The treemap visualization illustrates the relationship between departure delays from NYC flights and two key weather factors: visibility and wind speed. Each rectangle in the treemap represents a specific combination of visibility and wind speed, with the area of the rectangle indicating the average departure delay associated with that combination. Larger rectangles signify greater average delays, while the color gradient—from blue to red—highlights the severity of these delays, with blue indicating minimal delays and red indicating significant delays. This design allows for an intuitive comparison across various conditions, making it easy to identify which weather scenarios correlate with the worst delays.
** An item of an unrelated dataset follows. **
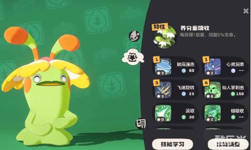 从属性方面来看,作为草系精灵,就可以有效克制土系还有水系。在对战这类型的宠物时,就会拥有明显的优势,但比较害怕火系技能,还有飞行系技能。基础性的面板比较亮眼,物理性攻击还有生命值数值都不低,不过短板也比较明确。相对来说速度比较慢,而且物理性防御会比较弱,不过初期属性不足的话,也无需慌。随着等级的提升,各项基础属性全部都会稳步的增强。核心的特性就是注重于吸收,这才是续航的关键。每获得一点能量就可以有效回复自身5%的生命值。

By integrating flight and weather data from the nycflights23 dataset, the visualization reveals how adverse weather conditions can affect flight schedules, offering valuable insights for airline operations and travelers. This analysis underscores the importance of weather monitoring in aviation, emphasizing that understanding these factors can help mitigate delays and improve overall travel experience.